You can see him nodding sagely in this very, very funny, clip

http://www.youtube.com/watch?v=kXqIbWacFRQ


----------



## Crugers (5 Jul 2013)

Poor old Constance Markievicz...
 It must have been a very slow painful death for "him" - finally succumbing on 15th July 1927!


----------



## Betsy Og (5 Jul 2013)

the most bewildering thread I've ever read on this site!!


----------



## Brendan Burgess (5 Jul 2013)

It's a bit like Fawlty Towers. On watching it again,, you see bits you missed. 

Pause it in midstream and the expression on Gilroy's face is very funny.

here is the full text 

"Constant Markievicz gave up _his _life to enable us to eradicate suppression, taxation, eviction, criminality" 

Oliver Callan wouldn't be this funny.

Does anyone know who Tom D'Arcy is?


----------



## Delboy (5 Jul 2013)

Jerry Beades is on Joe Duffy now...don't listen if you don't want your blood to boil.
He's going opening an office on Capel St.
He did'nt take part in the nationalistic stuff yesterday but he's just after quoting Parnell.

Tom D'arcy is a former taxi driver who set up a union. Mad socialist so he was.
Became a property developer and as he said yesterday, he was a roaring capitalist.
Now that he can't pay back his speculative debts, he's resorted to socialism (and confused nationalism too judging by his piece yesterday) again and want debts cancelled/forgiven.

[broken link removed]

only in Ireland will folk like this get so much media coverage...only in Ireland would the Gardai have stood by yesterday and not intervened while the auction was called off


----------



## Brendan Burgess (5 Jul 2013)

> Now that he can't pay back his speculative debts, he's resorted to  socialism (and confused nationalism too judging by his piece yesterday)



So would you describe him as a national socialist?


----------



## Brendan Burgess (5 Jul 2013)

> only in Ireland will folk like this get so much media coverage..



Are you sure? 

If a big auction got called off in the UK due to protests, I think it would feature on the news. 

It was a news item, whether you like what happened or not.

The nationalism line is mad.

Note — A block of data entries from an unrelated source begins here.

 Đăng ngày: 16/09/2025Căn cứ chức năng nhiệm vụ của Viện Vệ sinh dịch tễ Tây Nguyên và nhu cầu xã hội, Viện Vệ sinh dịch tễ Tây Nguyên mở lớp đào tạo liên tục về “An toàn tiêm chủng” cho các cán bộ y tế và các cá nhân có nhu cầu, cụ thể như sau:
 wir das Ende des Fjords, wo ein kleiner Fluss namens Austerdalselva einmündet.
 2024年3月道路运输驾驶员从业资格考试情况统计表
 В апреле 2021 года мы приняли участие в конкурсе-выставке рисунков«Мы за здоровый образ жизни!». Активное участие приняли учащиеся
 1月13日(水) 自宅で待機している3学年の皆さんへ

Allsops did us all a favour by having these auctions and establishing a realistic price level for properties.   They seem very straight up , unlike our own native Irish auctioneers.


----------



## Delboy (5 Jul 2013)

Brendan Burgess said:


> Are you sure?
> 
> If a big auction got called off in the UK due to protests, I think it would feature on the news.
> 
> ...



Ok, so the stopping of an auction would make the news. But the guys who did it or the others on their side of the argument would'nt be given near every day access to the National Broadcaster, with their views mostly unchallenged, as is the case in this place.
To quote another website where there was a discussion on New Beginnings etc appearing on a certain radio show regularly
"Pat Kenny was on the Ross Maguire/David Hall show again today" !!!!


----------



## Delboy (5 Jul 2013)

Brendan Burgess said:


> So would you describe him as a national socialist?

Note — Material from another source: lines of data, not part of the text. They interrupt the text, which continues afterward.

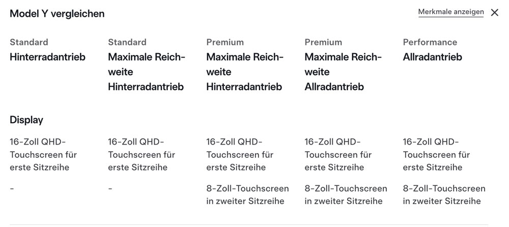Seit Freitag bietet Tesla die „Premium“-Ausführungen des Model Y jetzt auch in Europa mit den Verfeinerungen des Innenraums an. Die „Standard“-Modelle erhalten ebenfalls das neue Display, nicht aber den dunklen Dachhimmel.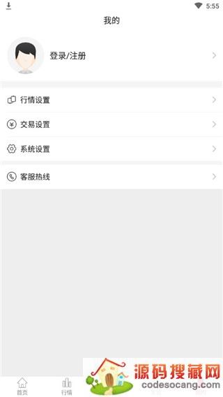 5、点击我的,可以登录注册app,进行行情,交易,系统设置等
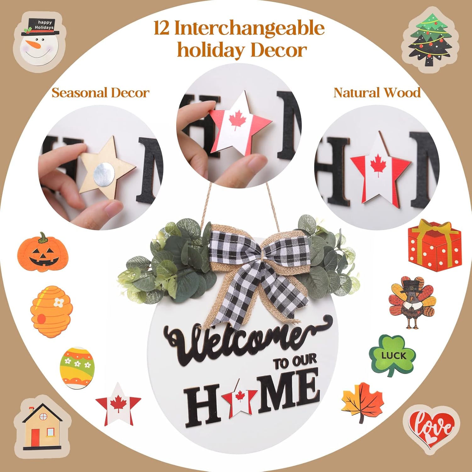 ✅【MULTI TOPIC USE】Our front door welcome sign can be a patriotic decorations or ornament to complement other decorations. our wooden wreaths can also be used for Valentines Day, Easter, fall decor for home,harvest day, Halloween, Christmas and other festivals. We can switch scenes according to different Holiday and use one thing for many purposes! There are totally 12 interchangeable seasonal signs.

He's got a long way to go to match another national socialist I remember reading about!!!
http://en.wikipedia.org/wiki/Nazism


----------



## Brendan Burgess (6 Jul 2013)

Delboy said:


> "Pat Kenny was on the Ross Maguire/David Hall show again today" !!!!



That is absolutely brilliant. 

Here is the source - Nosy Parker on The Pin

http://www.thepropertypin.com/viewtopic.php?p=717226&sid=c28ecc1ec7bd4a0de2ced276b6cba4f0#p717226


----------



## AgathaC (6 Jul 2013)

I saw the news that night but didn't catch who had 'given up his life' until I watched the clip. You couldn't make that stuff up .


----------



## Brendan Burgess (6 Jul 2013)

He sounds so confident and so credible 

Here he is speaking about taking criminal charges against some bank, presumably AIB to whom he owes €17m 

http://www.youtube.com/watch?v=Y-FPv650hvE

He talks about his case on TNS radio here. It's 24 minutes long. 

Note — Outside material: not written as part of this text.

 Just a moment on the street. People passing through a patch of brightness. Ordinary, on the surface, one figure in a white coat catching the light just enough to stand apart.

http://www.youtube.com/watch?v=hjkrJDkdP2s


----------



## Brendan Burgess (10 Dec 2014)

Where is Constant Markievicz  when you need him? 

*Bank seeks to enforce repossession order over European election candidate*


----------



## Delboy (10 Dec 2014)

Brendan Burgess said:


> Where is Constant Markievicz  when you need him?
> 
> *Bank seeks to enforce repossession order over European election candidate*



New Beginnings are indeed very busy...we have Vincent P here on this big case
(here's what a Myra Manor house looks like when completed, though I understand Darcy's was only partially finished and went sale agreed in 2013 at a last known of asking of 595k, but hasn't shown up on the PPR as yet
[broken link removed]

and Ross over with the O'Donnells and their kids trying to keep the mansion in Dalkey
http://www.independent.ie/irish-new...ownership-of-30m-killiney-house-30249467.html

New Beginnings- just trying to keep ordinary people in their average family homes!


----------



## Brendan Burgess (11 Dec 2014)

Delboy said:


> New Beginnings- just trying to keep ordinary people in their average family homes!



Hang on a moment. 

Both these guys are barristers who earn a living from the law. 

I doubt if either of these clients are clients of New Beginnings.  I would imagine that the clients are paying well for their services. 

Brendan


----------